Il mio uomo nero in doppiopetto grigio
Che sia burocrate, sbirro o ministro
Bussa alla porta, inatteso e ligio
Cambia di maschera come un clown sinistro
Mentre mi spezza le ali mi sorride
E mentre grido mi guarda cattivo
Per l’impotenza la voce mi stride
E grazie tante se ancora sono vivo
Mi faccio calma, allungo la scena
Chiedo consiglio ad un santone indiano:
Tutto ha una fine, anche ‘sta catena
E poi mi esplode l’urlo, mi dimeno.
Attorno a me l’isteria chiama la gogna
“Guarda che viaggi, a Parigi che fa
E i dirigenti stanno zitti? Vergogna!
Ci fosse ancora quello di qualche anno fa!”
Le voci salgono calunniosamente
Su come faccio denaro e vacanze
Vi lascio tutto, anche immediatamente:
Del mio regno vi do tutte e tre le stanze!
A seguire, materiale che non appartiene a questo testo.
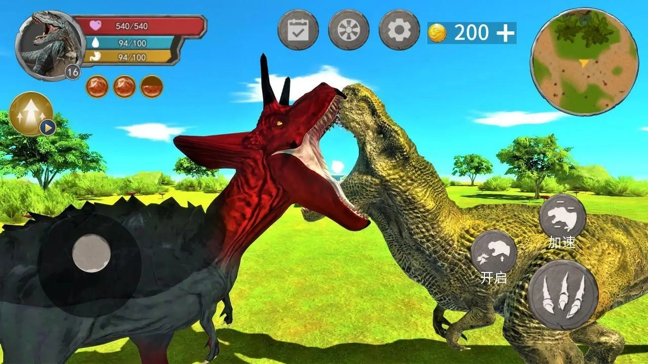 4、不同种类的恐龙之间存在相互竞争的关系,玩家需要战胜其他恐龙,这样才能获取更多的食物与资源。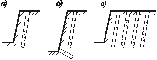 | Рис. 12.6. Основные схемы расположения наклонных скважин: а, б – однорядное соответственно со сплошными или рассредоточенными зарядами; в – многорядное |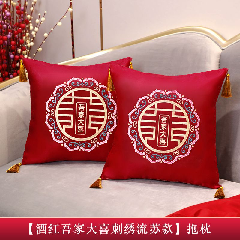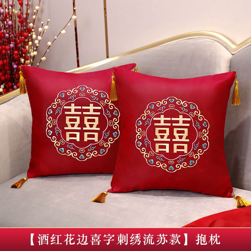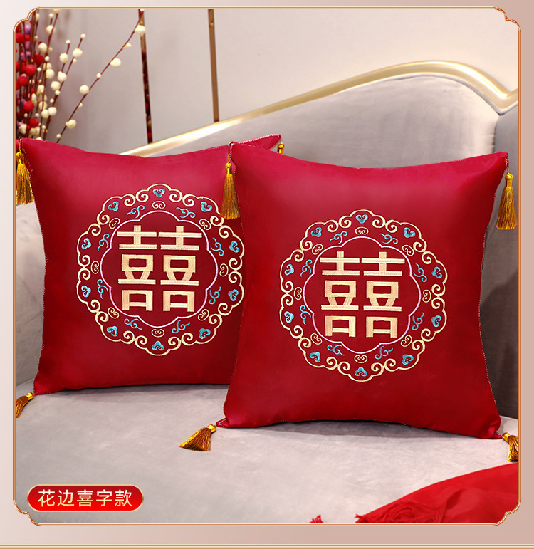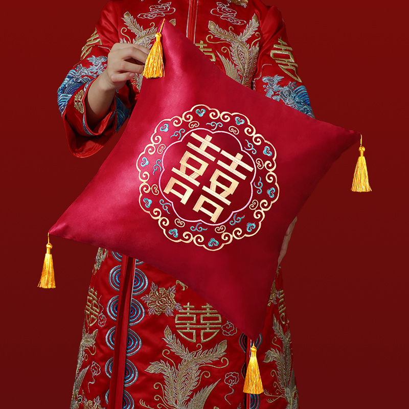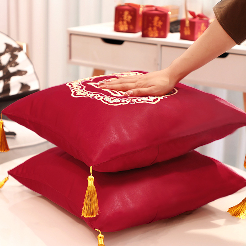 Свадебная Подушка Пара Свадебная подушка для комнаты красный двойной счастье свадебный диван для гостиной вышивка крестиком спинка подушка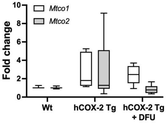 Gene expression of complex IV subunits is not modified in hCOX-2 Tg mice. Quantities of Mtco1 and Mtco2 mRNAs (the R0 values) were determined in hearts from Wt (n = 25), hCOX-2 Tg (n = 20), and hCOX-2 Tg mice treated with the COX-2 inhibitor DFU (hCOX-2 Tg+DFU, n = 13) using LinRegPCR data analysis. The amount of mRNA was then divided by the R0 value of Gapdh as normalization. Data are expressed as fold change relative to Wt mice.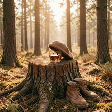 Med whiskey i glaset och skogen som tur.

Certi miei amici, poeti laureati
Paternalistici danno lezioni
“I versi è meglio tenerseli appuntati
E non buttarli al vento delle canzoni”
Io reggo a malapena me stesso
È alla morte che parlo e che ascolto
Era già un pezzo che mi veniva appresso
Ma la mia voce rauca la spaventa molto
Son sempre pronto per gli appuntamenti
Ed a domanda rispondo come so
Io con la vita ho già fatto i miei conti
E mi trascino il fardello da mo’
Fra il sacro e il falso la so la differenza
E chi ha provato non me l’ha divelta
Sulla strada che mi avanza, io avanzo
Che per fortuna non ho avuto scelta.